But Mess Management is also needed because People act in accordance with their own view of what is rational for them. This last thing is especially the case when we deal with Sharepoint. All the people involved have their own rational about Sharepoint. And all those rationales are different and full of emotional charges. We cannot approach the people only the hard way, the technical way. They are not puppets, dummies, cogs or cattle. We need something else when implementing Sharepoint and that has everything to do with the soft complexity side of these kinds of projects. How can managers deal with messes is a valid question. Let’s look at it in more detail.
Ackoff (1993) suggests there are 3 ‘kinds of things’ which can be done about messes. The first two are: Resolve them - Select a hunch that yields a “good enough” outcome - one that satisfices (satisfies and suffices). Solve them - Select quantitative approaches based on research and rational-logical methods of analysis. Focuses on the trees rather than on the wood.
This means that you have think about the messes within Sharepoint implementations, define some of the messes which represent the bulk amount and most important ones. It must be the bulk of messes that solve the first problems, that answers the first messy questions. Than select and prioritize the bulk of messy problems and questions and keep it high level. Don’t dive into the details too early in the process.
The third of Ackoff’s (1993) ways of tackling messes is: Dissolve them, change the nature of the problem context (or system involved) so as to remove the problem. This is development oriented – eager to improve quality of life for self and others. It’s about resigning systems at various levels of the organisation to dissolve the problem. This is what the soft systems approach tries to do.

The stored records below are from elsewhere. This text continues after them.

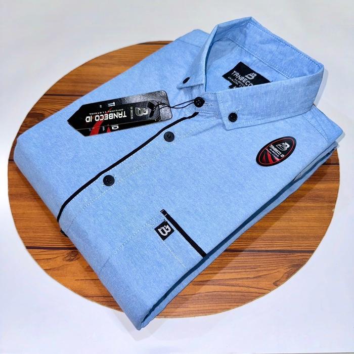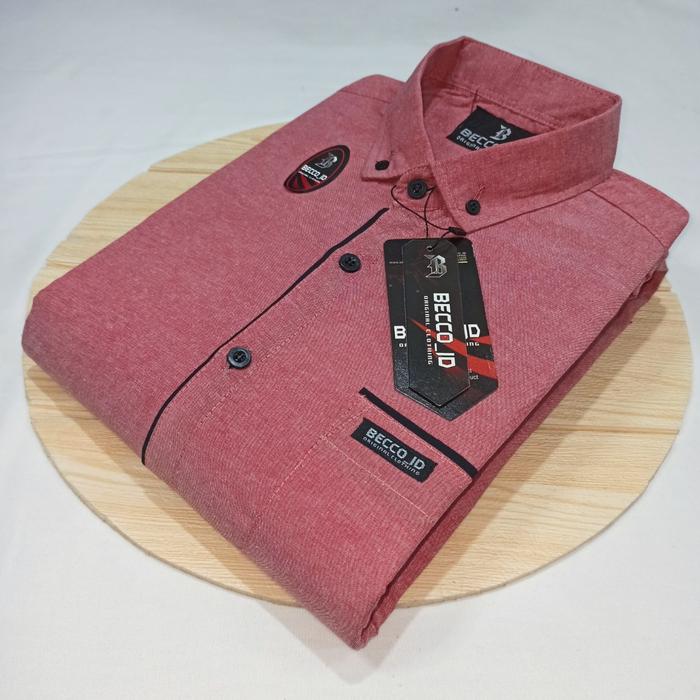 BECCO kemeja polos lengan pendek pria list formal kemeja casual original distro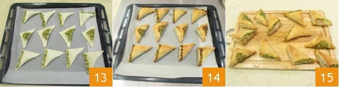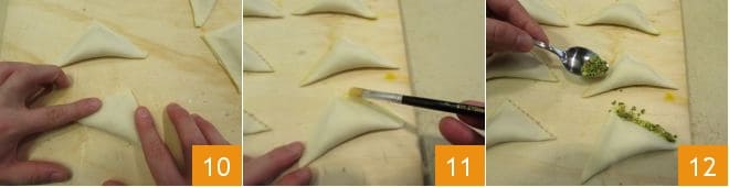 En este punto, cerradlos en forma de triángulo, presionando ligeramente con los dedos 10. Siempre con el huevo, untad los bordes y el centro de los triángulos 11 y añadid el granillo de pistacho para decorar vuestros paquetitos de mortadela 12.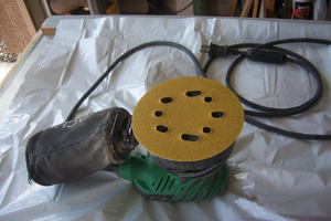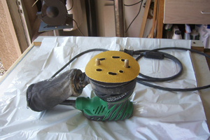 I thought of this easy way to align my sanding disk’s holes with the sander. I used 3/8 dowels, rounded the ends, and inserted them into the sander. Just slide the disk over the dowels and the holes align perfectly.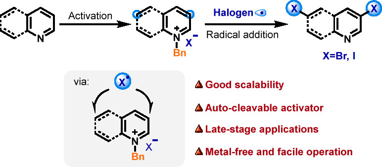 7. Tang, J.; Li, S.; Fu, Y.; Su, Z.; Xu, J.; Xue, W.; Zheng, X.; Li, R.; Chen, H. *; Fu, H. *, Radical meta-C–H Halogenation of Azines via N-Benzyl Activation Strategy. Org. Lett. 2024, 26 (28), 5899-5904.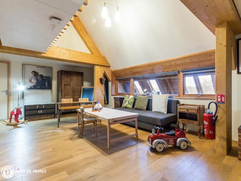 Cette superbe maison d'architecte, bioclimatique, labellisée Ecogîte et Panda, au look très contemporain donne le ton dès l'arrivée : entrez, vous êtes tout de suite dans l'ambiance chaleureuse et conviviale d'un lieu où il fait bon vivre, où l'on se sent tout de suite bien. Spacieux et parfaitement conçu pour un séjour en famille, entre amis ou en petit groupe de travail, vous serez sous le charme de ce gîte où se mélangent design et matériaux modernes, mobilier vintage inspiré fiftie's, objets et vaisselle récup' ou chinés, dans une atmosphère insolite, créative et artistique, avec photos et œuvres d'art et une conception originale et ludique. Un véritable ressenti de bien-être émane de cette maison éco-responsable à l'ossature bois, très lumineuse et toute ouverte sur le jardin grâce à de généreux vitrages. On se sent vraiment comme à la maison, avec plein de loisirs, dedans comme dehors, une incroyable bibliothèque, dvdthèque, des jouets pour les petits et une cuisine au top !

In relation to Sharepoint implementations this could mean that processes should be reviewed, redesigned where needed or put in another context that makes them more workable for Sharepoint implementations. Lots of messy characteristics can be a result of procedures and processes which are not well aligned with Sharepoint implementations. They can be politics based, human based or based on other soft factors. You can change the context of the Sharepoint implementation problems combined with realigning processes and procedures within the organization to make them more adabtable for these Sharepoint implementation problems.
What can be said about messy changes is that change is only effective when people’s feelings, needs, perceptions, ways of doing things & hopes are addressed AND that messy situations require managers to dissolve existing problems, by challenging underlying purposes and assumptions. This is often the case when implementing Sharepoint. Many people have different feelings, needs and perceptions of how doing things with Sharepoint. There are a lot of underlying assumptions when people do and act on Sharepoint. It is important to make these elements crystal clear before implementing Sharepoint and make it a part of the organization. When this phase is underestimated, as is the case in most Sharepoint projects, then the project will probably crash somewhere down the road because people cannot identify themselves with the product and the results of the Sharepoint implementation.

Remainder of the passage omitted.